For college grads age 20 to 24, the jobless rate in April was 4.4 percent, down from 7.2 percent a year ago, according to the Bureau of Labor Statistics.
The jobless rate for their peers who have only a high school diploma is 13.8 percent.
Improvement is in the air, said Scott Williams, director of the University of Georgia career center. The autumn career fair at UGA drew 2,000 students — just like the year before. But the number of employers showing up to hire increased from 199 to 228.
“That would indicate that there is greater opportunity,” he said. “The anecdotal evidence has been positive. We have been hearing about multiple job offers. We certainly see what looks like an increase over last year’s graduating class.”
College grads average much higher pay than their non-college peers, according to government statistics: The median weekly pay for college grads of 25 or older is $1,108, compared to $651 for those with just a high school diploma, according to the BLS.
Demand for grads trained in engineering and computer science is especially strong in metro Atlanta, and those skills are generally the best paid, said Harold Simmons, interim executive director for the Georgia Tech Center for Career Discovery and Development. They average about $60,000 their first year, he said.
The average college graduate makes up for the expense of school in less than 20 years, according to a study by the Federal Reserve Bank of San Francisco.
Of course, not all degrees are equal.
Among recent graduates, jobless rates range from 3 percent for those with degrees in health care to 8 percent for those with liberal arts degrees, according to a study by the Federal Reserve Bank of New York.

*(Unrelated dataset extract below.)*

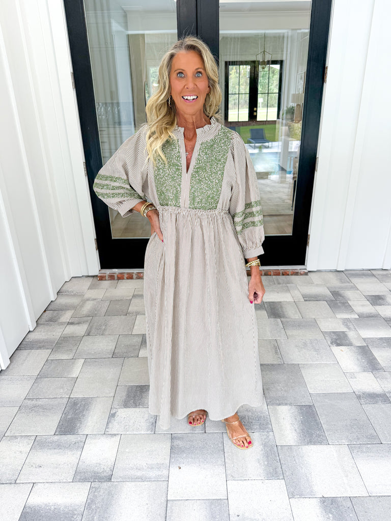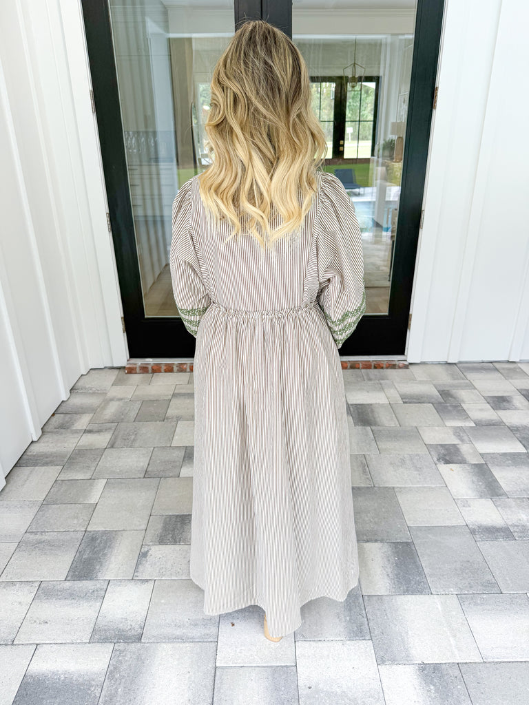 - This 3/4 puff sleeve midi dress features a sophisticated striped pattern accented with delicate embroidery detailing. Its flattering v-neckline is enhanced by a charming ruffled trim, adding subtle texture and elegance. Perfectly tailored, the dress combines classic design with refined craftsmanship, making it an ideal choice for both casual and dressy occasions!

Nationally, the most hiring is being done in computer software and nursing, followed by science and other tech jobs, said Tony Carnevale, director of the Center on Education and the Workforce at Georgetown University. Specific skills are no guarantee, though. Hiring is weak for civil engineering and architecture, he said.
Peachtree City-based Panasonic Automotive Systems, hired 100 people last year and has 50 openings now, said Stephen Childs, director of global HR for the Pansonic division. Most positions are in software, but the company has also added employees in sales and marketing, purchasing and other corporate jobs.
“New grads bring a really fresh perspective,” Childs said. “Not only do they have a passion for designing (the technology), but they understand it. They live it.”
Similarly, Athenahealth has been hiring new grads with all kinds of degrees for sales and other roles such as managing accounts, said Jocelin Bowen, recruiting manager at the Alpharetta-based company.
“We have a very robust training program so we are able to train people to do what they need to do.”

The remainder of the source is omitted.